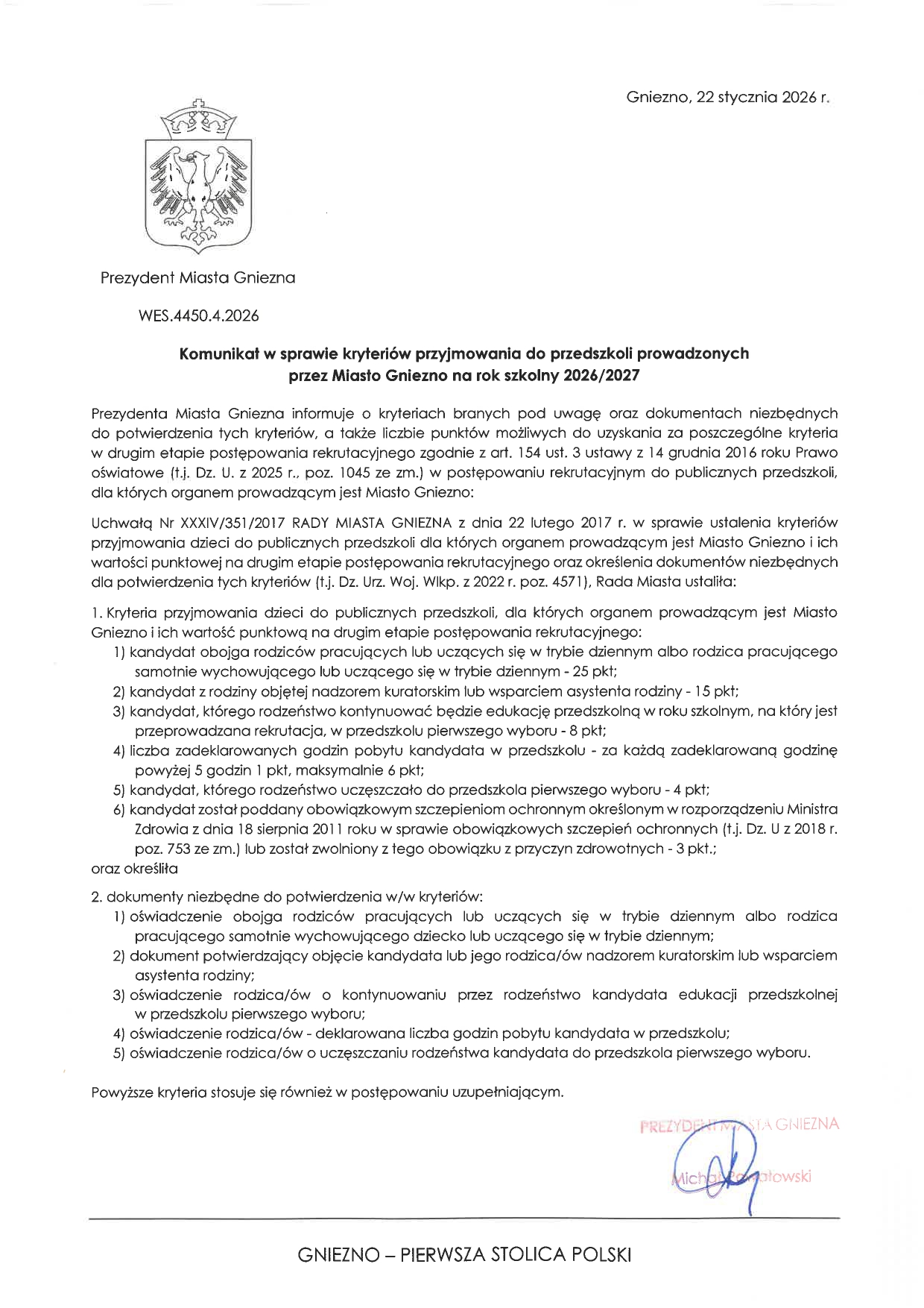 Nie złożenie deklaracji o kontynuowaniu wychowania przedszkolnego w wyznaczonym terminie jest jednoznaczne z rezygnacją miejsca w przedszkolu w roku szkolnym 2026/2027
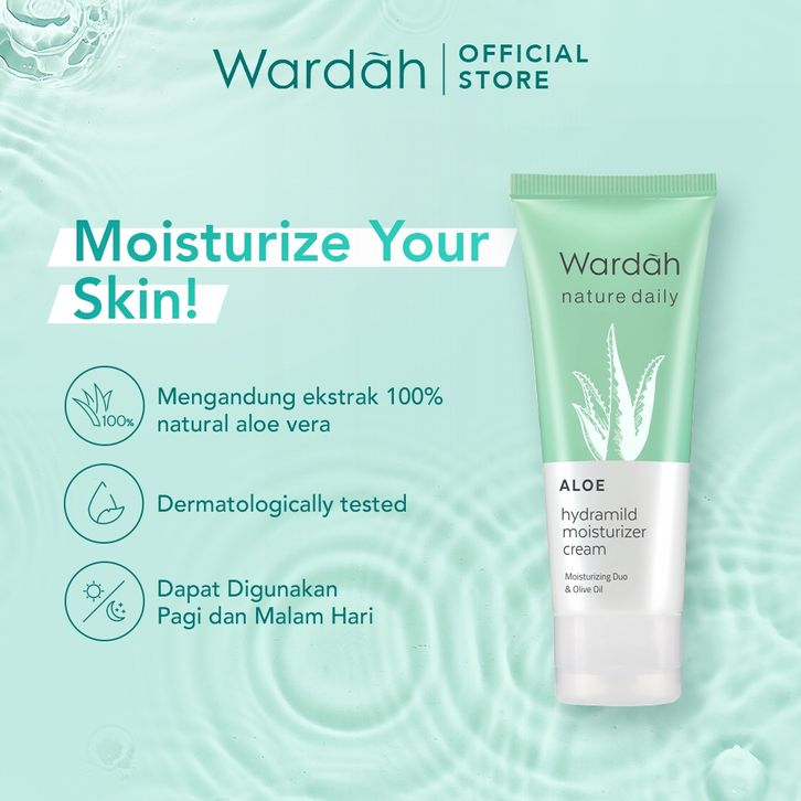 Wardah Nature Daily Aloe Hydramild Moisturizer Cream 40 ml - Pelembab dengan Olive Oil Perawatan Wajah
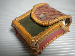 表面の正面側は、染色のグリーンレザーを使用。 表面の両側面と底の部分は、染色のレッドレザーを使用。 表面の蓋から、後ろ側にかけては、スニーカーのラバーのような、幾何学的デザインを型押しをした、ブラウンレザーを使用しました。 内側は、ライトグレーのレザーを使用。 ケース周囲は、ライトブラウンレザーで、かがり仕上げをしています。 *タバコは、イメージですので、付属しません。 |
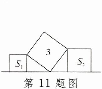 11. 在直线上依次摆放着三个正方形,三个正方形的面积依次是$S_{1}$,3,$S_{2}$,则( )
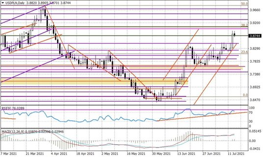Dzisiaj w krajowym kalendarzu mamy dane nt. bilansu płatniczego w USA za maj, choć będą one mieć niewielkie znaczenie. Nadal kluczowe pozostanie zachowanie EURUSD, który po wybiciu wczoraj ostatniego dołka przy 1,1780 próbuje dzisiaj nieco odbijać, oraz globalny sentyment na który wpływ mają też doniesienia dotyczące pandemii Delta-Covid.
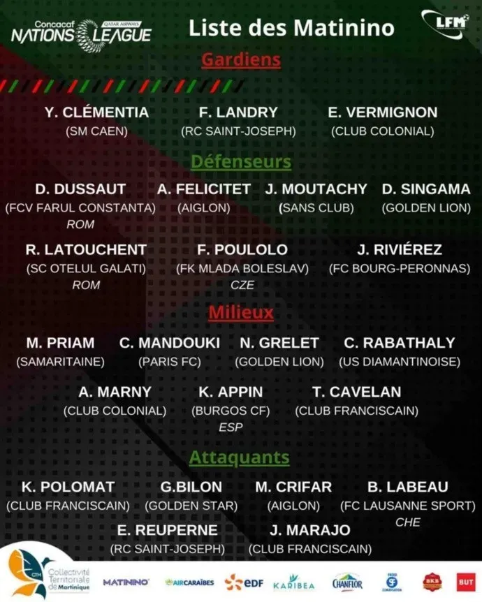 Sobre la convocatoria de Martinica, en esta ocasión, los representantes caribeños no han incluido a Patrick Burner y Kevin Fortune en la lista de jugadores convocados. Estos dos futbolistas fueron los autores de los goles en el encuentro de la Copa Oro, un partido que culminó con una victoria ajustada de 2-1 a favor del territorio francés.
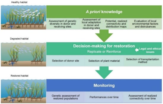 As we are approaching a new decade of ecosystem restoration [], the need to rebuild marine life for a sustainable future has become more urgent than ever before []. Here, we aimed to provide a comprehensive review about genetic issues to be considered to perform a successful re-establishment of populations and for recovering lost ecosystem functions. To this end, we first reviewed conceptual frameworks related to genetic components in restoration, with a particular emphasis on seagrasses. We then discussed different genetic-related aspects to be considered for restoring degraded environments, including the choice of whether replicate or reinforce the extant genetic structure, the importance of having genetic diversity and connectivity maps, the selection of donor sites as well as the monitoring efforts after transplantation. We also investigated the actual situation of legal and ethical issues dealing with seagrass restoration at a regional, national and international scale. Finally, we discussed novel approaches and future directions for seagrasses genetic research that could improve the success of restoration activities.

+ + +

**Work item**:
Treating the line with "ケース周囲は、ライトブラウンレザーで、かがり仕上げをしています。 *タバコは、イメージですので、付属しません。 |" as the last line to include, retype the records exactly from their first line, excluding pictures.

**Your response**:
 Nie złożenie deklaracji o kontynuowaniu wychowania przedszkolnego w wyznaczonym terminie jest jednoznaczne z rezygnacją miejsca w przedszkolu w roku szkolnym 2026/2027
 Wardah Nature Daily Aloe Hydramild Moisturizer Cream 40 ml - Pelembab dengan Olive Oil Perawatan Wajah
 表面の正面側は、染色のグリーンレザーを使用。 表面の両側面と底の部分は、染色のレッドレザーを使用。 表面の蓋から、後ろ側にかけては、スニーカーのラバーのような、幾何学的デザインを型押しをした、ブラウンレザーを使用しました。 内側は、ライトグレーのレザーを使用。 ケース周囲は、ライトブラウンレザーで、かがり仕上げをしています。 *タバコは、イメージですので、付属しません。 |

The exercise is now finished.